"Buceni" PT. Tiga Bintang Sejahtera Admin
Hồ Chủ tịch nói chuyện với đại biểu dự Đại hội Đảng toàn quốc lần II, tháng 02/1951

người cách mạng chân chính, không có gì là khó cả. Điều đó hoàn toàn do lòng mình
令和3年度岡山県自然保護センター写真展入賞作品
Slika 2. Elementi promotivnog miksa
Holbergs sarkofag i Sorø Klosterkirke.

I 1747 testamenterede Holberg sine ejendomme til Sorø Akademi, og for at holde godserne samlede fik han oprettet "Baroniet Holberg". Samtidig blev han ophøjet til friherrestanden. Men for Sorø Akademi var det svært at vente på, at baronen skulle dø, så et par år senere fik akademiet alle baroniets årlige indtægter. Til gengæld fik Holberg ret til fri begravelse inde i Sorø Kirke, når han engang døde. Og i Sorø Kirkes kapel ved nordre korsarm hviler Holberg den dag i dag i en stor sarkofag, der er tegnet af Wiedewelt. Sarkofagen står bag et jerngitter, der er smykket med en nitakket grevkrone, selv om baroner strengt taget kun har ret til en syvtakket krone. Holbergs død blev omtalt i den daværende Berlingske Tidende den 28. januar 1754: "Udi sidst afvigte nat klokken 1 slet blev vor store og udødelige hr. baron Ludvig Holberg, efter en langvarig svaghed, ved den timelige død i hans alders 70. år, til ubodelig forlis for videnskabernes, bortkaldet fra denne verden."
☆ ☆ ☆
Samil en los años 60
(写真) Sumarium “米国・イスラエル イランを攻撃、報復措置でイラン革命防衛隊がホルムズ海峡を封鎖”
☆ ☆ ☆
**ACTION ITEM:**
Give back, unchanged, the run of lines in the listing above that begins at the line containing "Bintang Sejahtera Admin" and ends at the line containing "Holbergs sarkofag i Sorø Klosterkirke.", both included.

**ANSWER TO THE EXERCISE:**
"Buceni" PT. Tiga Bintang Sejahtera Admin
Hồ Chủ tịch nói chuyện với đại biểu dự Đại hội Đảng toàn quốc lần II, tháng 02/1951

người cách mạng chân chính, không có gì là khó cả. Điều đó hoàn toàn do lòng mình
令和3年度岡山県自然保護センター写真展入賞作品
Slika 2. Elementi promotivnog miksa
Holbergs sarkofag i Sorø Klosterkirke.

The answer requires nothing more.